A few days after Christmas, my son met the girl who is now his wife of 11 years. She has long brown hair…
Norma Morash “Canada 150”
Quilted wall hanging, Not for sale.
How we love the Canadian winters across Canada!
Jerry Walsh “Ready to Go Outside” - SOLD
Driftwood and pine sculpture, 17 x 15 (base), $65.
Mittens are ready to go on the clothes rack next to the back door. Winter is wonderland, especially in the Bay area, with its rolling hills and the shore of the Atlantic Ocean. When warmly dressed, winter days with pure white snow and crisp cold air can be the highlight of the year.
Kathy Boutilier “Manuels Fishstore and Wharf, Peggy’s Cove, 1920”
Ink drawing, 12 x 14, Framed, $75.
This heritage building is preserved to represent the past, when Peggy’s Cove was a true fishing village. It stands today almost lost among more modern constructions. In the drawing, Manuel’s house and fishstore stand alone to the cold winter wind, awaiting the activities of spring and the voices of fishermen.
Brad Allen “Surfacing”
Forged iron wall hanging, 12 x 17, $500.
While the human inhabitants of the St. Margaret’s Bay area cope with winter above ground, those who dwell beneath the surface of the Bay face winter in their own unique environment. We can imagine that “Surfacing” portrays a lone fish rising from the safety of its coastal seabed to investigate some surface turbulence, perhaps the result of a harsh tide, or winds from a winter storm.
Patrick Charlton “Lone Pine”
Photo on canvas, 14 x 11, Unframed, $60.
This photo was taken using my iPhone, while I was strolling alone White Point Beach. What struck me was the solitude and the strength of the image: a lone tree, rooted in granite rocks and sand, standing firm against blizzards and snow, horizontal rain and the almighty gales of the North Atlantic. Perhaps it is symbolic of the fortitude and resilience in our Maritime community to endure hardship.
Glenna Earle “Circles of Care” - SOLD
Cotton tote and matching mask, adorned with vintage brooch, $45.

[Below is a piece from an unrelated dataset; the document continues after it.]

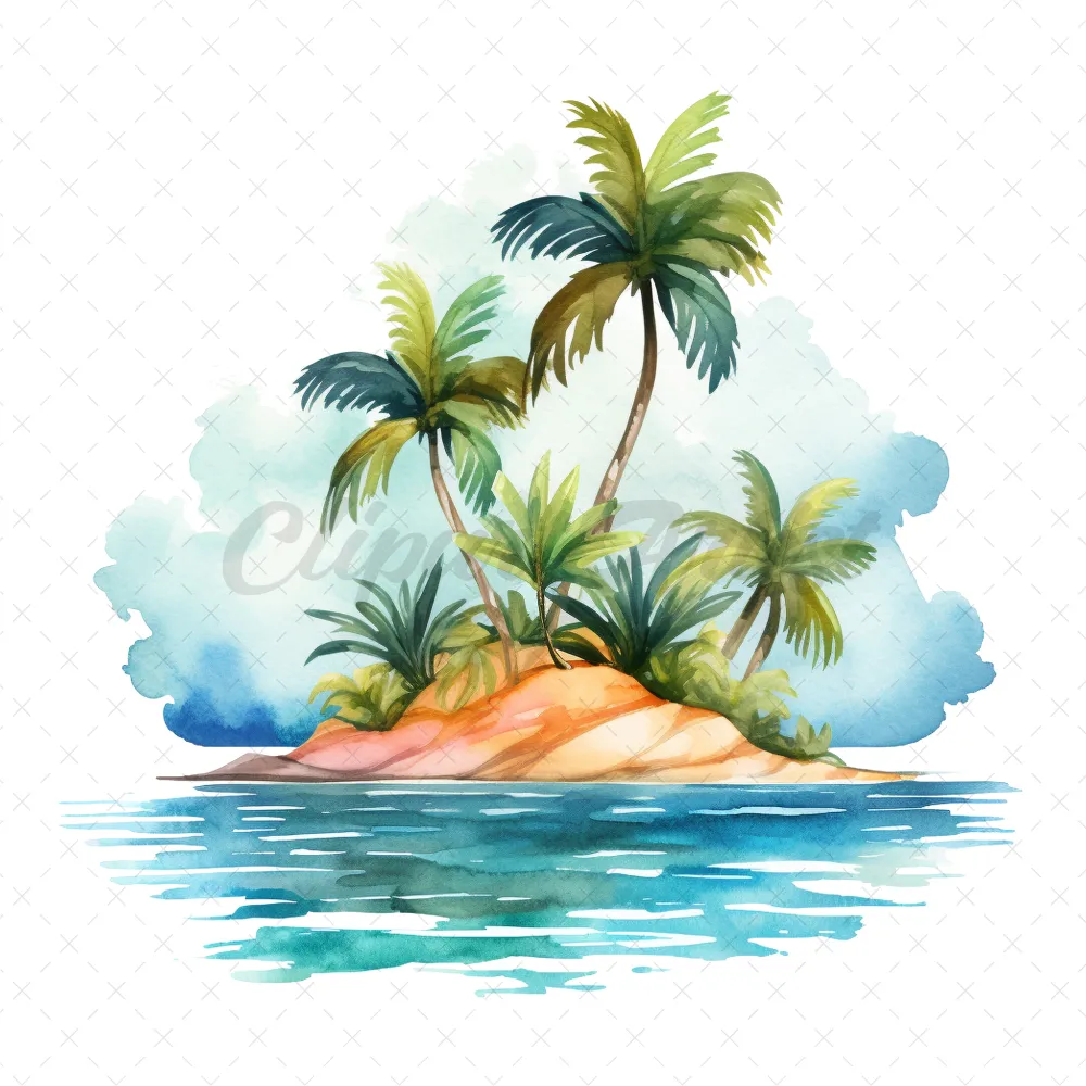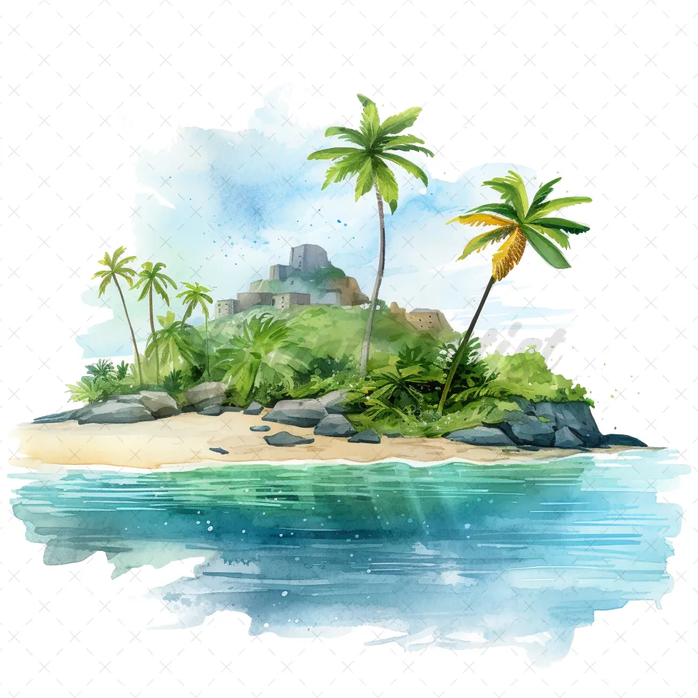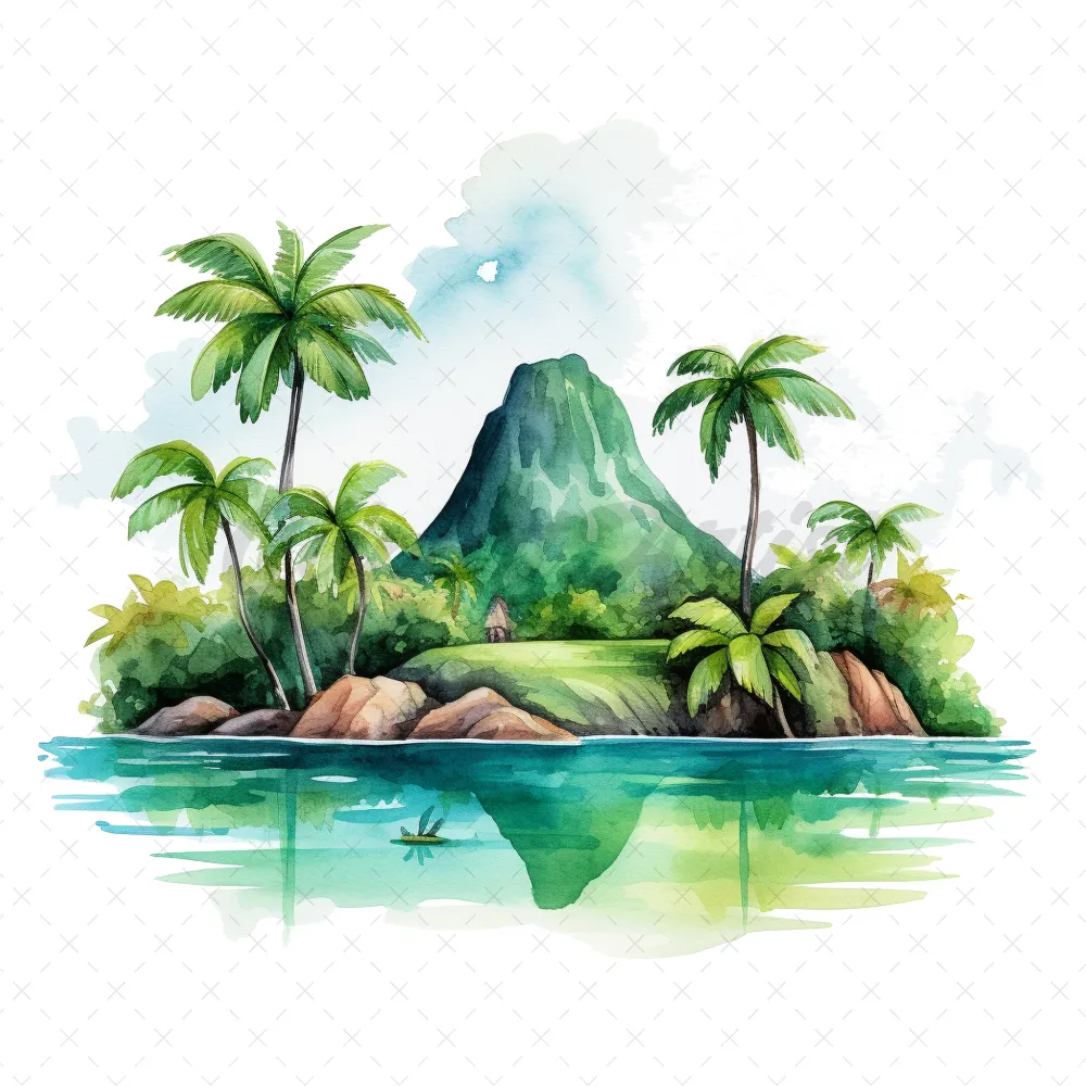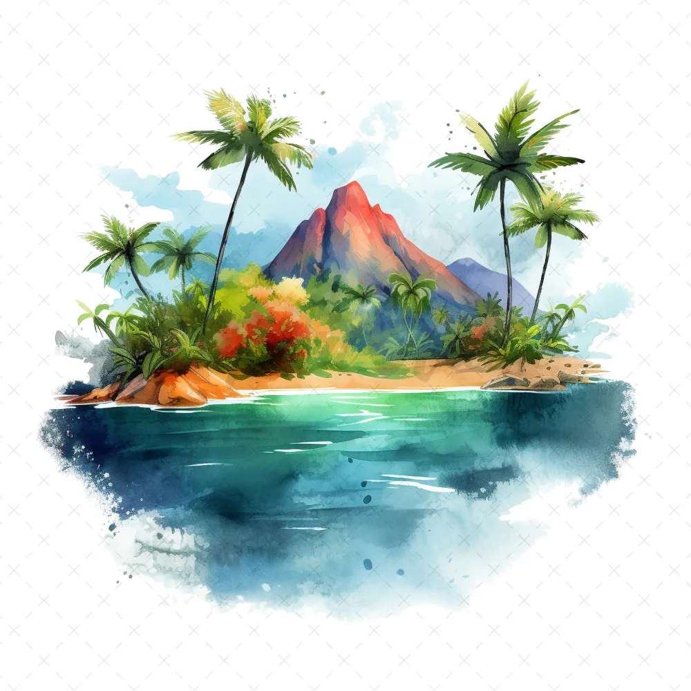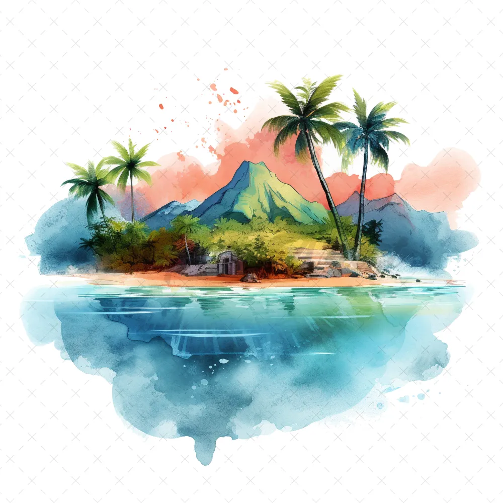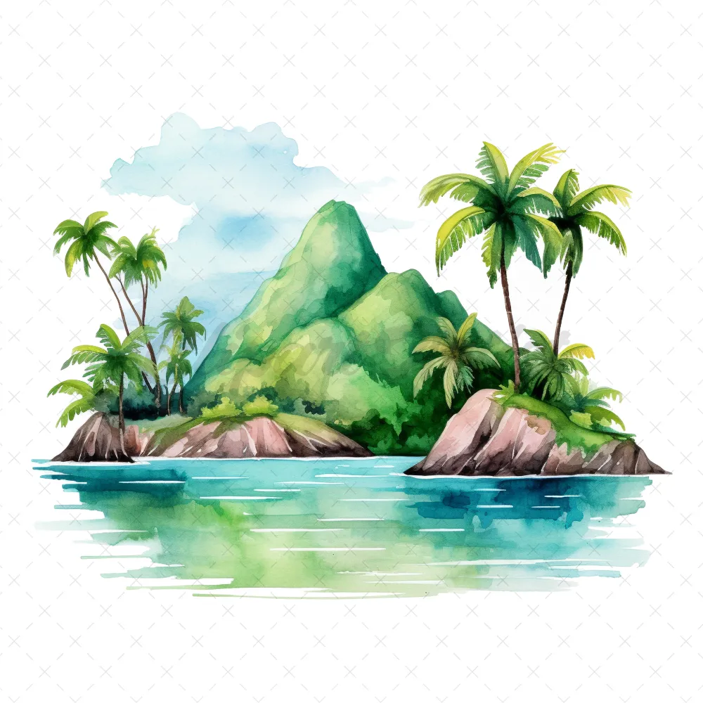 20 High-Quality Tropical Islands Clipart – Tropical islands digital watercolor JPG instant download for commercial use – Digital download

Winter is a traditional time to reach out to our circle of friends and family, to share hearty dinners, card games, getaways to warm places, and day trips to beat the winter blahs. This year, we must show our care for those in our cherished circles in different ways, as represented by this trio. There is a tote in an elegant winter neutrals pattern of Art Deco circles to care for favourite items, a matching mask to care for our health, and a grandmother’s crystal brooch to symbolize how, together, we are all caring for each other.
Sue George “Winter Cove”
Acrylic, 16 x 20, Unframed, $525.
For many seasons, this little cove was my secret place in my neighbourhood where I would take my dog. She would explore while I sat with my back against a massive pine tree to watch the sun set and contemplate life. I knew it was only a matter of time before the lot was sold and my spot was gone. This is now somebody’s backyard. Thankfully, they saved the pine. I painted this piece to always have my secret spot on Five Island Lake.
Amy Nemeth “January’s Dark Sky” - SOLD
Watercolour and pen, 11 x 13, Framed, $95.
This piece was inspired by the short winter days, and how quiet and lonely January can feel. Winter is a time of reflection for me, after the hecticness of the holiday season. I was inspired to try to capture all of that in a painting, while also using a lone tree, which I often notice while on winter hikes in Polly’s Cove.